Three years ago, Libeskind was selected as the designer of the soon-to-be-erected freestanding wing of the Denver Art Museum. At the time, he was a hot up-and-comer with only one building to his credit, the Jewish Museum in Berlin.

Now, with the most important commission of our time in his lap, he's one of the most significant architects of the 21st century. This will raise the profile of his Denver project dramatically, since it is scheduled to be completed just as the New York project breaks ground. It's an unfolding bonanza that's even more than endlessly optimistic DAM director Lewis Sharp could possibly have hoped for.

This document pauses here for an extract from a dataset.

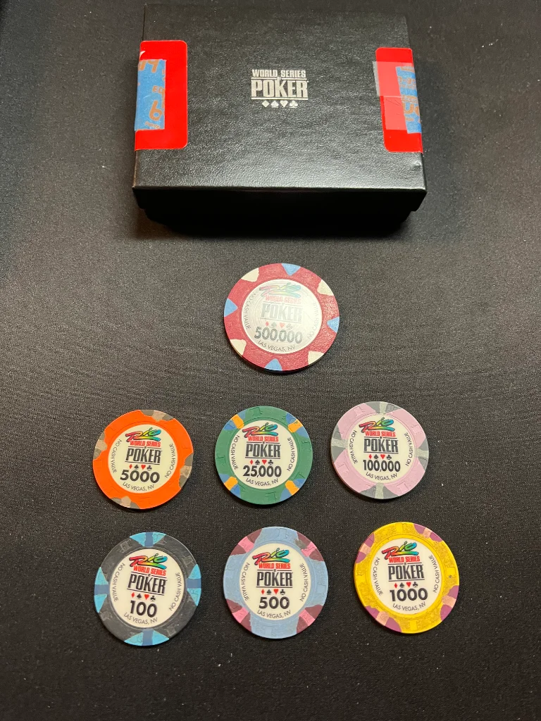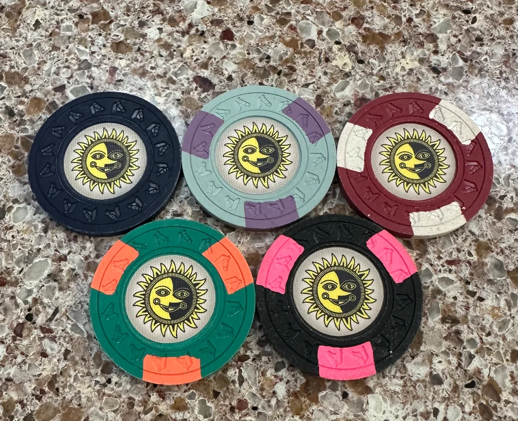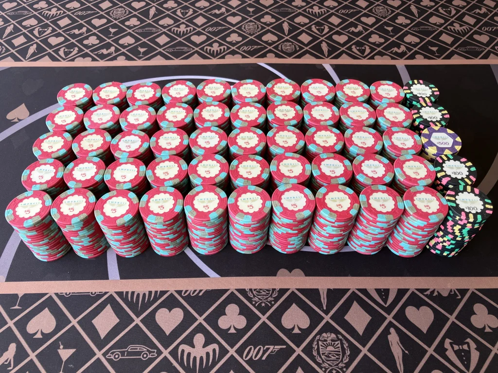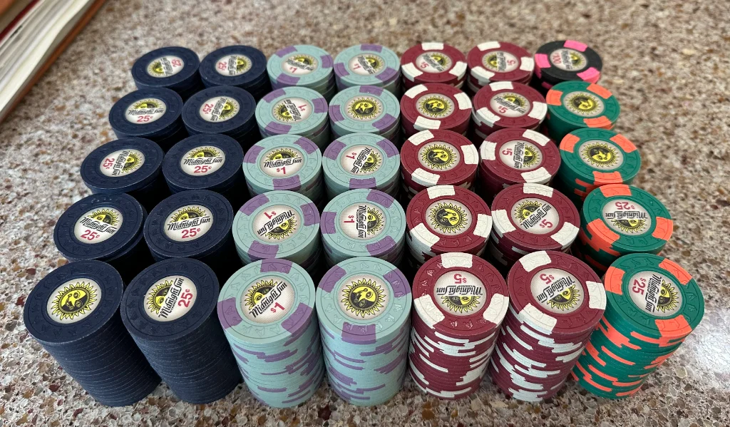 Colon chips will be re-labeled as Silver Club $500s (blurple x 19) and $1K (metallic gold x 1); the rest are futile barrel/rack building attempts :).

The new wing of the DAM is conceived as one part of a three-building complex. The first phase, the parking garage, is about to open. And next month, ground is to be broken on the second phase, the museum wing. No date has been announced for the third component, a residential high-rise to be erected with private funds.

I had worried that Denver's sinking economy would sink this last piece, severely damaging the overall composition aesthetically. The spiky tower is an essential element that will link the distinctive new wing to the equally distinctive existing building by Gio Ponti and James Sudler. The tower will also help to visually contain the all-but-uncontainable jagged form of the wing. But with Libeskind having scored the World Trade Center plum, I'm sure investors will be lining up, the economy be damned. Thank goodness!


Another architect who is well known in Denver also turned up in the news lately; this story, though, was not about a triumph, but about a tragedy. Curt Dale, a principal in the distinguished architectural firm of Anderson Mason Dale, was killed last month in an avalanche in Colorado's high country. Though Dale's companions dug him out of the snow immediately after the accident, he died some hours later. The area where the avalanche occurred is hardly remote, but it is rugged, and the Chaffee Country Sheriff's Office and the Chaffee County Search and Rescue had to call in a National Guard helicopter to remove Dale's body.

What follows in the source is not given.